But everyone agrees that the office of Chancellor has been filled continuously since 1224 which is exactly 800 years ago - a rich historical fact that should inform this election.

Before considering the role and its history, however, what’s different about this election?

The obvious difference is the size of the field of applicants and the size of the electorate, both sharply up. We have nearly 40 applicants and over 26,000 registered alumni voters, besides the rest of Convocation, which adds over 5,000 more.

In 2003 the ballot was just over 8,000 in both rounds of voting, which was in-person only, and there were just four nominated candidates, the eventual winner of course Chris Patten (Lord Patten of Barnes, Balliol, 1962). Go back one more to 1987, again with four nominated candidates, and voters had to wear academic dress. The victor Roy Jenkins (Lord Jenkins of Hillhead, Balliol, 1938) stationed his minions with piles of gowns to lend out, just in case his supporters came under-dressed. So the other winner in the contest was gown maker Castells of Oxford.

The other conspicuous feature of 2024 is that we have a global election thrown open to the whole world, an experiment in large-scale democracy. Based on the advertised exclusion criteria, some candidates might not progress through to the voting stage if they are: a student of the University, an employee of the University, a serving member or candidate for an elected legislature, or disqualified from being a charity trustee by virtue of section 178 of the Charities Act 2011, extending to being a ‘fit and proper person’ as determined by His Majesty’s Revenue & Customs.

There is a strong overall diversity, including contenders who would be the first-ever female Chancellor. Fewer than half of them are former students of Oxford. Just five go through to the second round of voting in November.
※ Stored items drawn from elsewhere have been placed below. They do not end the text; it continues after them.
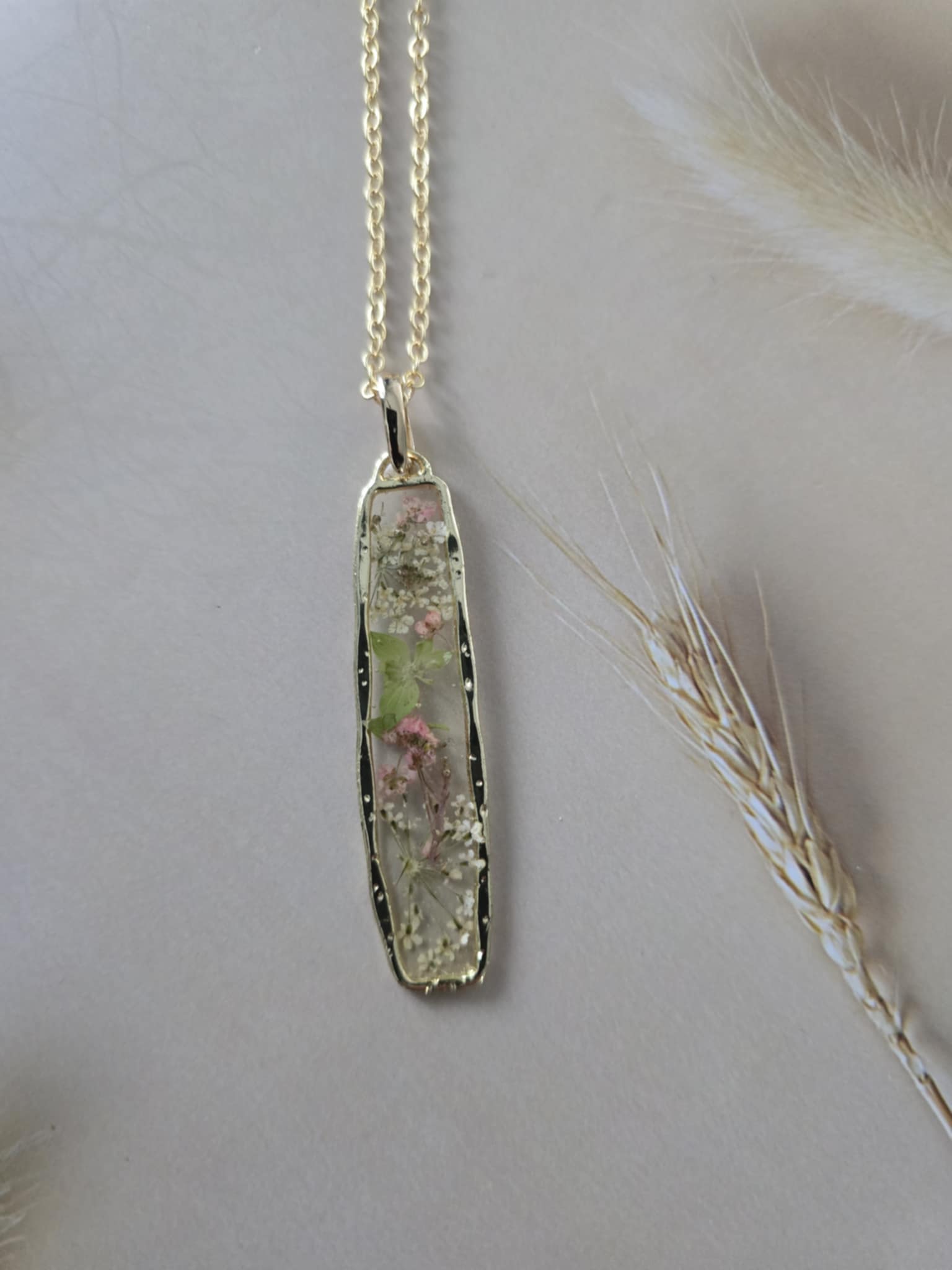 Caractéristiques : une chaîne plaquée or 14 carats ornée de bijoux en résine avec des fleurs naturelles est un accessoire élégant et unique. La résine permet de préserver la beauté des fleurs tout en les mettant en valeur. Ce type de bijou est souvent apprécié pour son aspect artisanal et sa capacité à capturer la nature.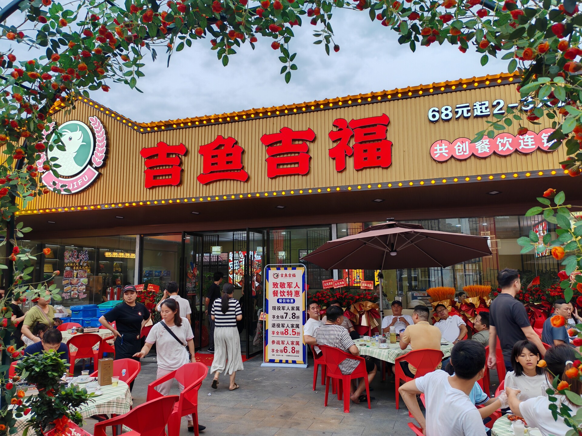 据悉,刘育平在部队服役期间,军事素质过硬,个人荣立三等功。2010年因伤退役后,他秉持“退役不褪色”的信念踏入快餐餐饮行业,拖着残疾的右腿在广东东莞从普通店员做起,深耕供应链管理、门店运营等领域,不断积累创业经验,慢慢打造出自己餐饮品牌“刘记杀猪粉”,连锁店开到68家,为数百名退役军人提供创业就业机会。这十余年间,他身处异乡,却心系家乡,最终在去年底选择回乡再创业,成立“吉鱼吉福”新品牌,寓意以特色主菜吉祥烤鱼,为家乡发展吉福吉财,坚持以“平价美食+拥军情怀”定位,瞄准全国县级餐饮领域开创一片新天地。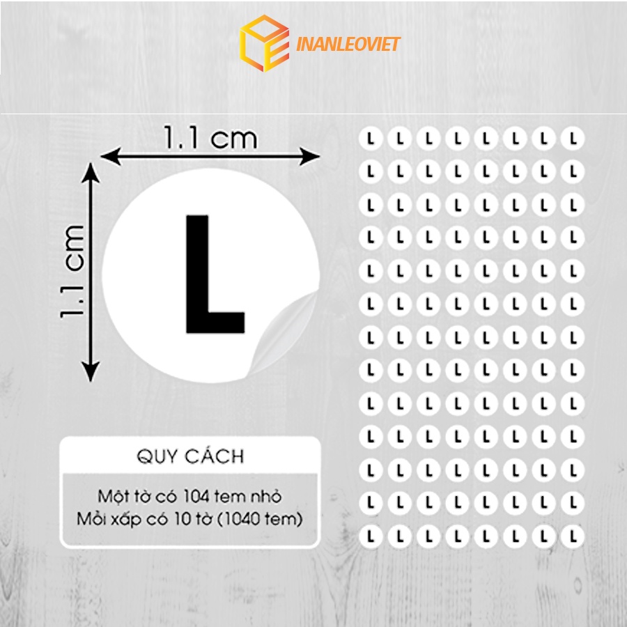 - Nhãn trắng đã bế sẵn chỉ cần gỡ và dán đa dạng kích thước 1.1cm dành dán size áo, giày, dép - Chất liệu: Decal giấy - Hình tròn gồm có kích thước: 1.1cm - Số lượng mua theo tờ - Số nhãn trên 1 tờ: 104 tem/tờ - Size: XS, S, M, L, XL, XXL Số lượng mua tính 1 tờ. Ngoài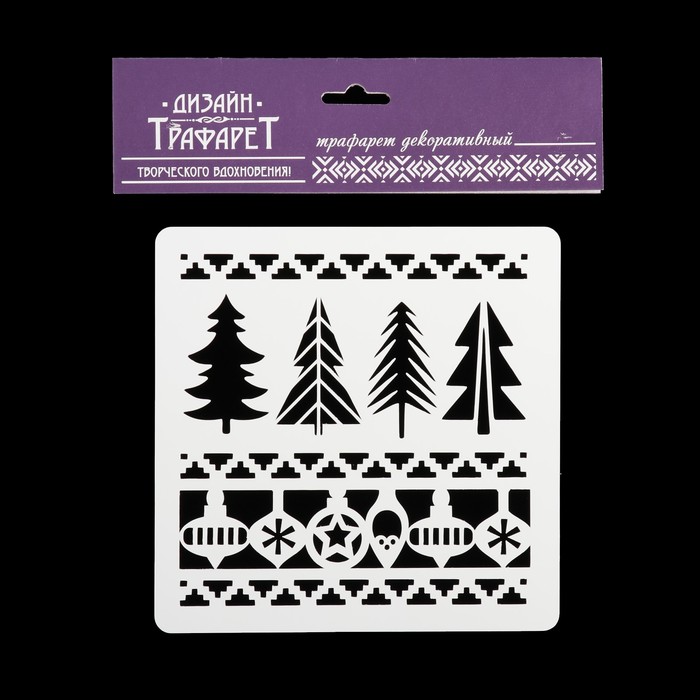 Трафарет квадратный "Елочки и игрушки" 15х15 см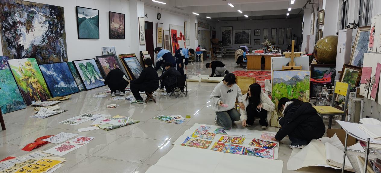 活动一开始,同学们纷纷拿起画笔、挥毫泼墨,带着满满的热情参与其中。大家把对新年的美好期盼、对未来的无限遐想,还有对传统文化的喜爱,都细细融进了尺素之间。短短时间里,便征集到书法、绘画、插画等各类作品292件,每一件都藏着少年们的小心思,透着不加修饰的真诚。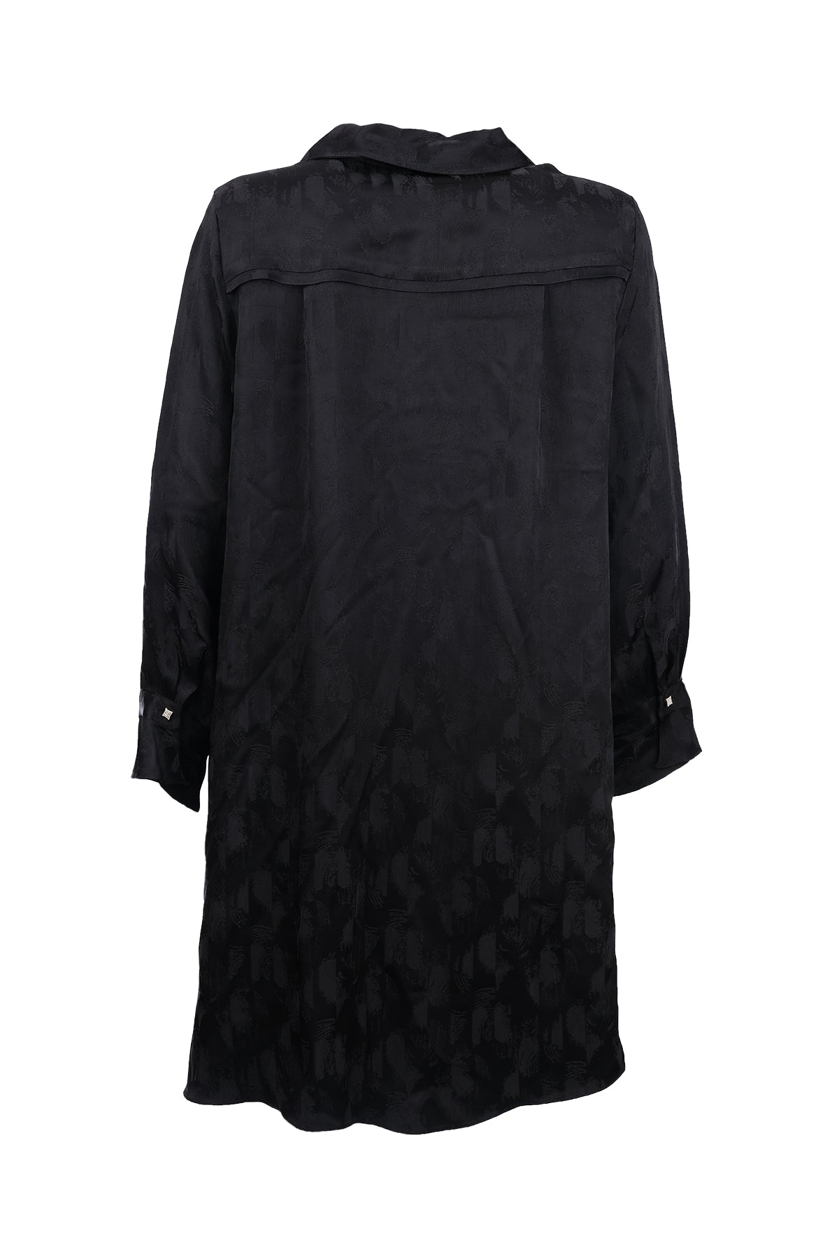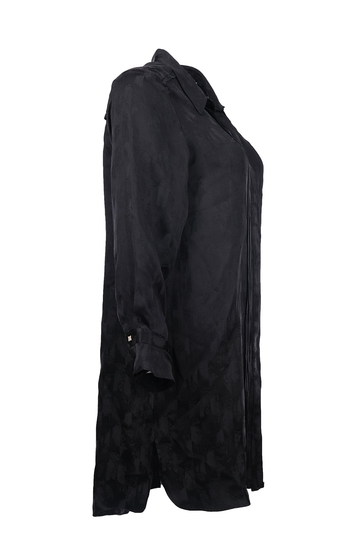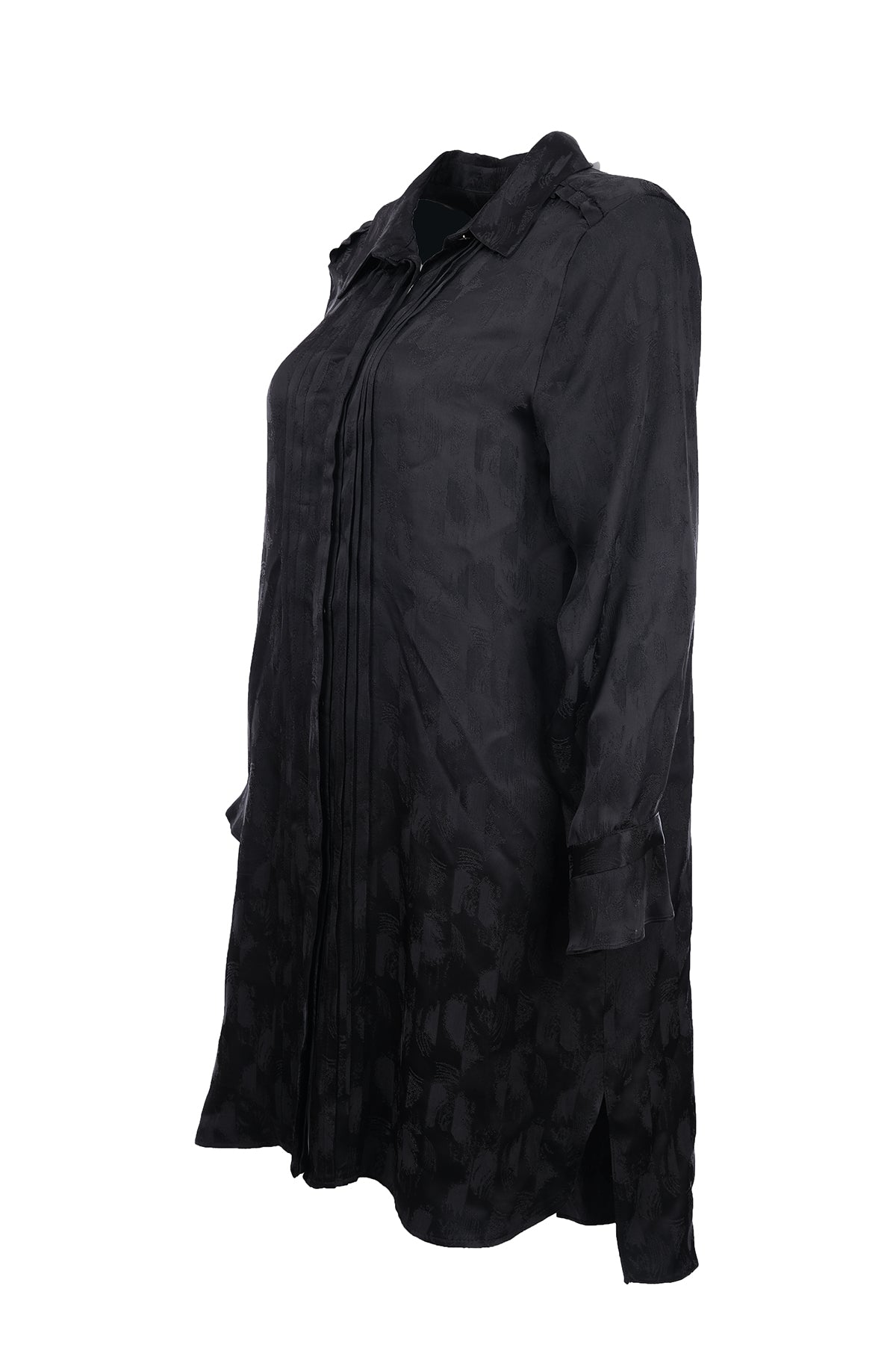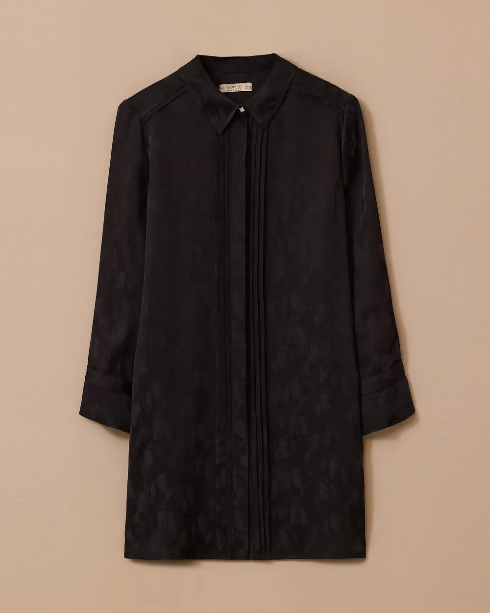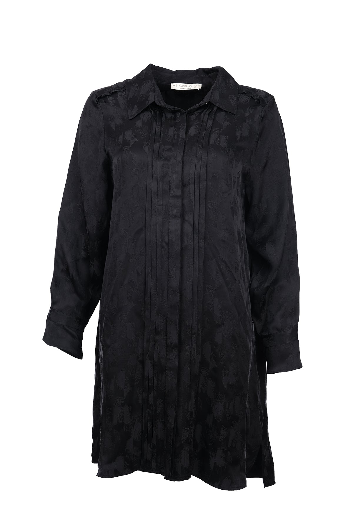 This plus-size patterned tunic with pleats offers elegance with its modern design and pleat details.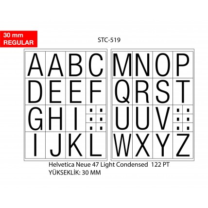 # Format: litere A-Z - regular. # Dimensiuni: 30 x 30 mm. # Ambalare: 2 folii/set..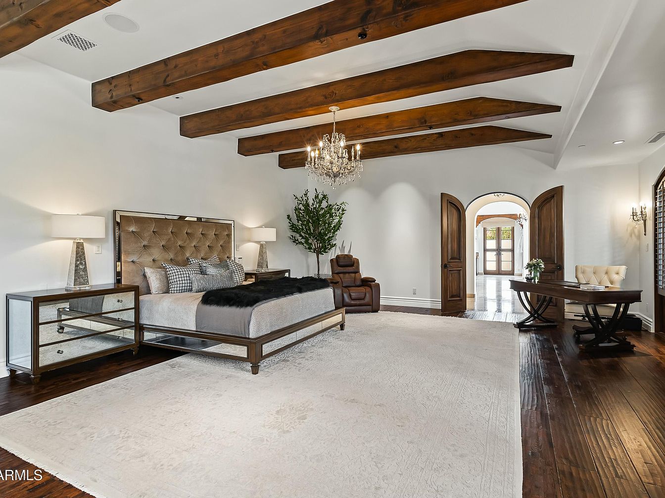 This spacious master bedroom combines luxury and comfort with its striking design. Exposed wooden beams contrast beautifully against the sleek white walls, amplifying the room’s airy feel. A sumptuous tufted headboard framed in mirrored accents defines the plush king-size bed, perfectly complemented by chic bedside lamps. A cozy seating area invites relaxation, while the elegant chandelier adds a touch of grandeur. Rich hardwood floors enhance the warmth, and a soft area rug provides a welcoming atmosphere. Architectural arches lead to the entry, showcasing thoughtful design and inviting natural light, creating an ideal retreat for any homeowner.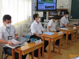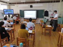 放課後,県や町から講師の先生をお招きして,プログラミング教育研修を行いました。本園度から導入ということで,各先生が試行錯誤している中,目的や考え方,事例など,今後取り組んでいくための指針を享受していただきました。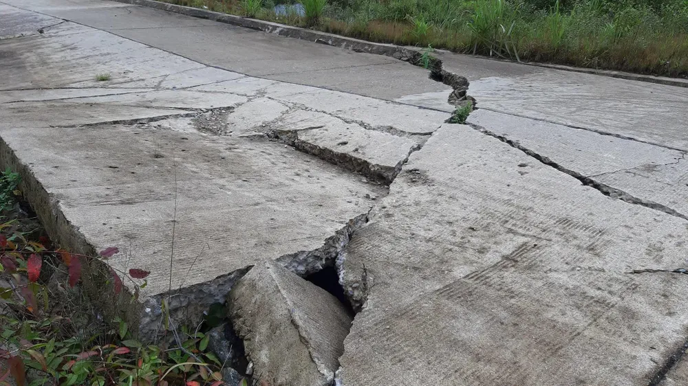 Một vị trí khác, một khối bê tông bị gãy, cong vênh lên khỏi mặt đường gần cả mét.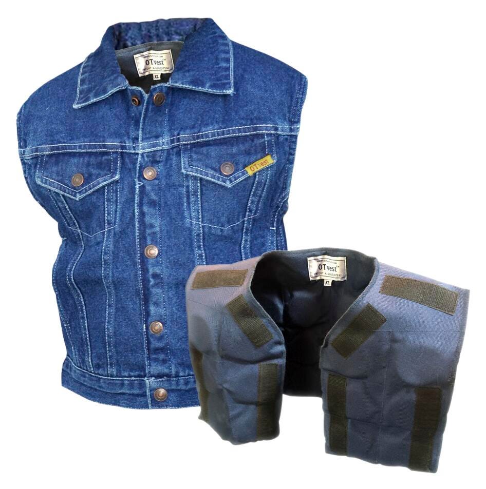 The OTvest, denim weighted vest is designed/patented by an OT, whose training in sensory and neurological function influenced the IMPORTANT weight placement in the OTvest, and whose research has been published in The American Journal of Occupational Therapy. The OTvest's weight placement is strategically positioned DIRECTLY UPON the wearer’s shoulder-girdle, requiring less weight to be uniquely effective for providing trunk stability (ataxia, cerebral palsy, dyspraxia, feeding disorders, and other movement disorders), proprioceptive input, and deep pressure for calming, focusing and behavior organization. "It Feels Good!" Weights are calibrated to the size of the wearer and placed so that weights can't fall out, get lost or played with, and there is no need to guess the weight amount needed to be effective. The denim vest comes with two stylish front pockets, two side pockets and five or six front snaps. The large vest is intended for users that weigh 110 to 165 pounds. The vest measures 42 inches at the chest, and neck to waistline measurement is 23 inches. Includes 4 pounds of weight. The weight can be removed, allowing the vest to be machine-washed.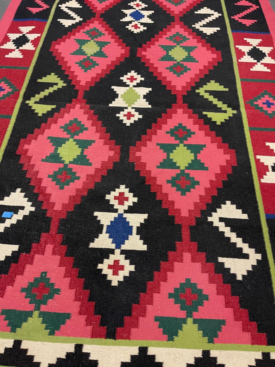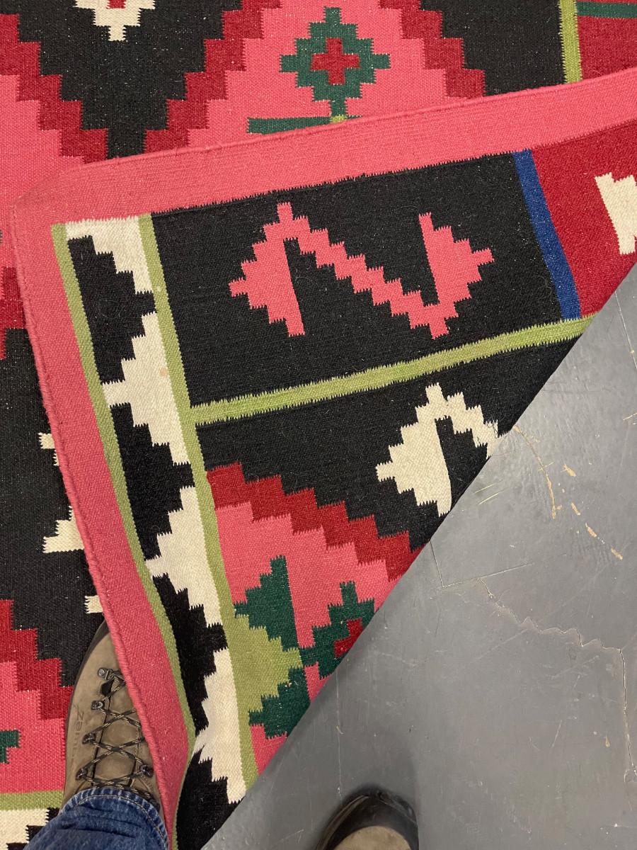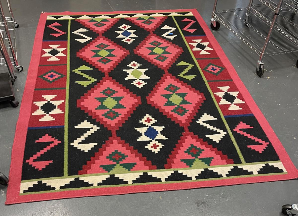 Big Red, Green, Black, Crate & Barrell World Market Woven Rug LARGE
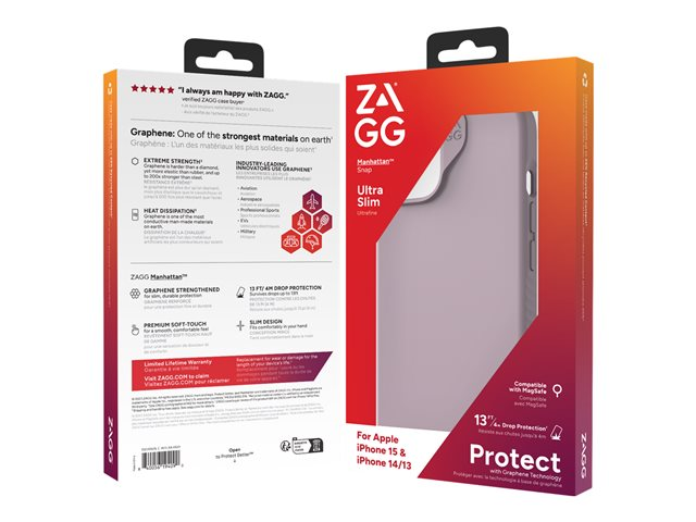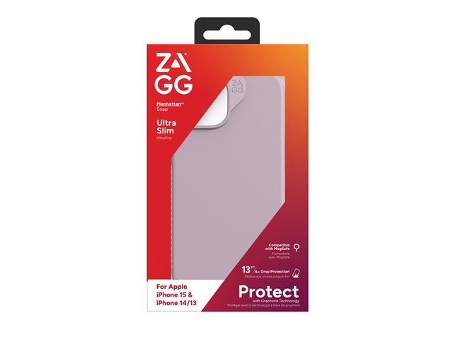 ZAGG Manhattan Snap - Bagsidecover til mobiltelefon - MagSafe-kompatibilitet - silicone - lavendelfarvet - for Apple iPhone 13, 14, 15
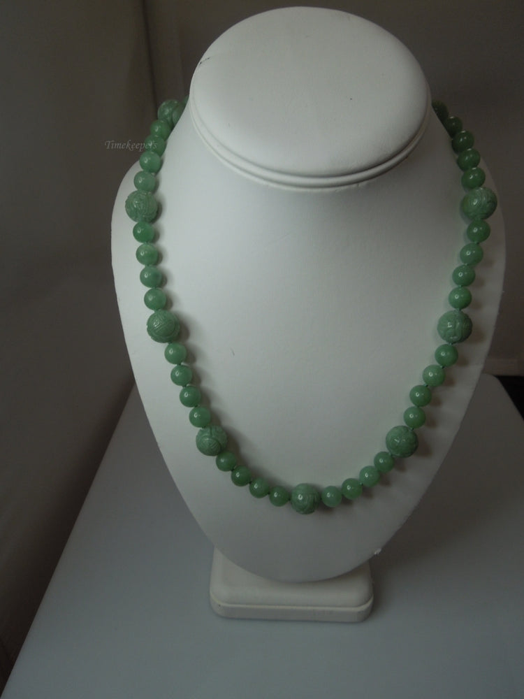 For Sale: (1) q251 Vintage Carved Green Aventurine 19" Long with 9 Carved Beads Necklace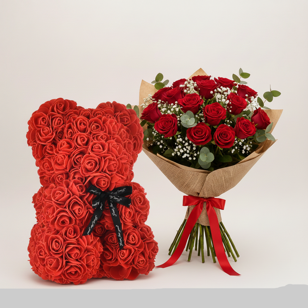 Eleva il tuo concetto di regalo con la nostra esclusiva combinazione Red Passion. Questo set non è solo un omaggio floreale, ma una vera e propria dichiarazione di stile e sentimento, che unisce il fascino intramontabile delle rose fresche alla creatività di un oggetto di design.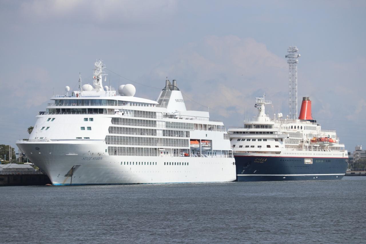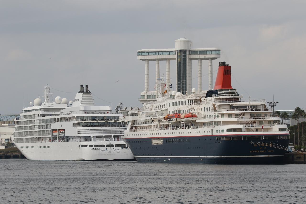 続いて後ろ側からシルバーシャドー&にっぽん丸のランデブー写真あとから来たにっぽん丸は午後1時に出港し、午前9時から午後1時までのランデブー。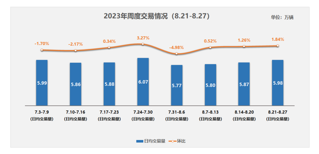 - 8月第四周二手车市场日均交易量5.98万辆,环比增长1.84%,与上月同期相比下降了1.5%。从周度表现来看8月份市场的集客和成交能力均不及7月份的同期,根据同口径计算8月1日-27日,二手车交易量134.6万辆,较7月同期下降1.5%。

Civica will explain at the point of voting how voters can rank their choices so as to vote for more than one candidate if they wish, via the Alternative Vote method. It is interesting to note that the voting method has also changed throughout history.

In 1987, Roy Jenkins, perceived at the time to be the radical candidate, was victorious in a first-past-the-post set up that split the ‘Tory vote’ and left some fuming that that the winner should have been Robert Blake (Lord Blake, Magdalen, 1934) or Edward Heath (Balliol, 1936). In 2003 there was a version of the 2024 approach in place, but voting remained in-person.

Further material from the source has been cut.